Over the past several weeks at five hearings around the state, Oregonians have heard a lot about House Bill 2020, a bill that would create an economy-wide cap-and-invest program. While a poll shows public opinion broadly favors the concept, voices in the debate have frequently focused on the costs – costs of action, costs of inaction. That’s too bad, because the genius of HB 2020 isn’t cost – it’s opportunity.

For the past decade I’ve had the privilege of helping to run an Oregon-based institutional investment management firm that focuses on sustainability-driven investing. In that time, we have managed or backed more than $2 billion of investment, including in rural Oregon. This work has taught me to see the enormous economic opportunity in sustainability for all our communities. HB 2020 can deliver on this opportunity, especially for rural Oregon.

Sixty years ago, when I was growing up, rural Oregon was economically rich.
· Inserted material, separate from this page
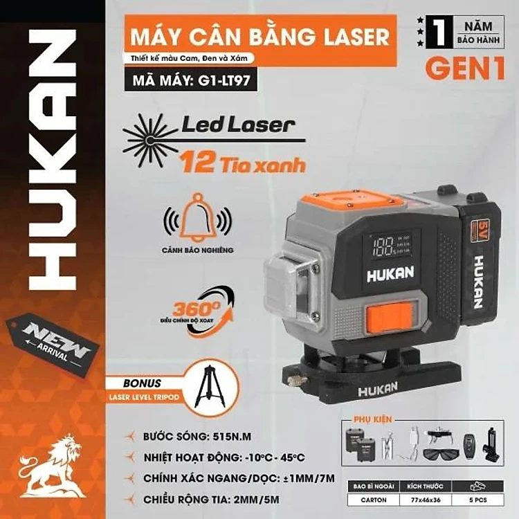 MÁY CÂN BẰNG LASER 5 TIA XANH G1-LT97 HUKAN -HÀNG CHÍNH HÃNG
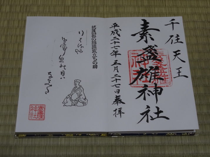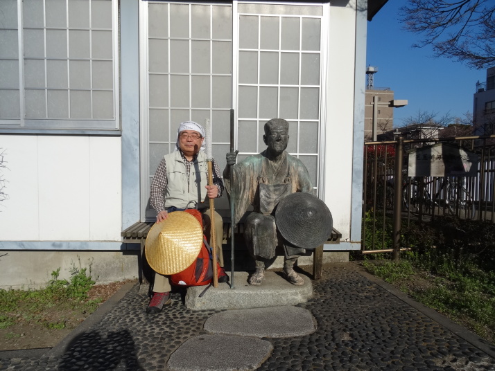 深川の採茶庵から旅立ちです。後輩の邑口杉風が深川から千住まで見送ってくれるという事で千住までは同行二人。採茶庵を出発して直ぐ芭蕉稲荷神社(芭蕉庵跡)で旅の安全を祈願していると、やはり芭蕉に興味のありそうな見知らぬ方から「お気をつけて」と激励を受けました。隅田川沿いを進んでいくと、散歩している保育園児からも熱い視線?。先ずは南千住駅前の芭蕉像へ。今年3月4日に建立されたばかりで、以前からあった「芭蕉は船で隅田川を北上し千住の地で陸に上がったが、北岸(北千住)なのか対岸(南千住)なのか」の論争が更に激しくなりそうです。素盞雄神社には「行く春や鳥啼き魚の目は泪」の矢立初めの句碑があり、旅立ちに相応しい御朱印をもらいました。 14時頃、毛長川を渡り東京都から埼玉県に入ります。草加宿に入ると、自転車に乗った小父さんから「奥の細道か?今日は3月27日だからな」と声を掛けられました。その先にある草加宿神明庵で休憩していると、この小父さんが再度来て草加煎餅をお接待してくれました。まるでお四国にいるような感じでした。草加松原には、曾良や芭蕉の像、矢立橋や百代橋があり、その間が松並木で綺麗に整備されています。2014年3月に「おくのほそ道の風景地 草加松原」として国指定の名勝になっています。蒲生の一里塚に来ると既に15時半を回っていました。先を急ぎましたが越谷で17時近くになってしまったので、ここから電車に切り替え春日部に行きました。 夜は宿の近くの粕壁うまいもの横丁にある「万や」へ。明日からの馬力を付けようと馬刺しなど注文して埼玉の銘酒神亀を楽しみました。 |

In agricultural communities, farmers harvested abundant grain crops and shipped them off to market at higher inflation-adjusted prices than they earn today. In our coastal and inland forests, and the mills that served them, timber companies employed thousands. Fisheries were abundant. The world wanted what rural Oregon grew, and the value added by our workers. The economic partnership between rural and urban Oregon was profound, bilateral, and strong.

But global and national macroeconomic and environmental forces did a number on rural Oregon. Timber, fisheries, and agricultural economics became stressed and all too often broken. Now, too much of rural Oregon confronts high unemployment and low incomes. That’s not right.

HB 2020, which creates a market for climate change mitigation, can help flip this script. What our rural communities have lost is income from exported value. HB 2020 offers a way to harvest and sell new assets from our vast rural environmental riches – our own carbon reductions and our own sequestered carbon.

The groundwork is already there. A recent analysis by the national business group E2 (Environmental Entrepreneurs) counted 55,000 clean energy jobs in Oregon. More than half these jobs are outside the Portland metro area, with clean energy job density highest in rural Oregon. Innovation around the state bears that out; we have created rural jobs in building efficiency, wind power and geothermal energy, but also through soil carbon enhancement, forest management and biodigester projects. In rural Oregon, we have already financed and learned from carbon reduction projects that are supporting investments and jobs with cash flows driven from established carbon markets.

What HB 2020 will do is add a new, flexible market structure that supports larger and additional private investments with cash flows not dependent on subsidies. These investments will create and sustain new jobs over years to come, further contributing to Oregon’s already robust rural cleantech economy. In fact, a report commissioned by the Oregon Carbon Policy Office shows HB 2020 could create 50,000 more jobs, again concentrated in our rural counties like Jackson, Sherman, Gilliam, Lake, Wallowa and Grant.

Another reason to anticipate economic success: Oregon is not reinventing the wheel with cap-and-invest. We Oregonians are not afraid to go it alone when we must, but we also know it’s connections to big, proven markets that really sustain our prosperity. HB 2020 links us to the largest North American carbon market, where we can make the most of this opportunity while achieving our climate goals at the lowest possible cost.

HB 2020 isn’t magic. It’s just sound policy with large upside for all of Oregon, but especially rural Oregon. I hope the legislature passes HB 2020 this session. I believe in HB 2020, because I believe in Oregonians.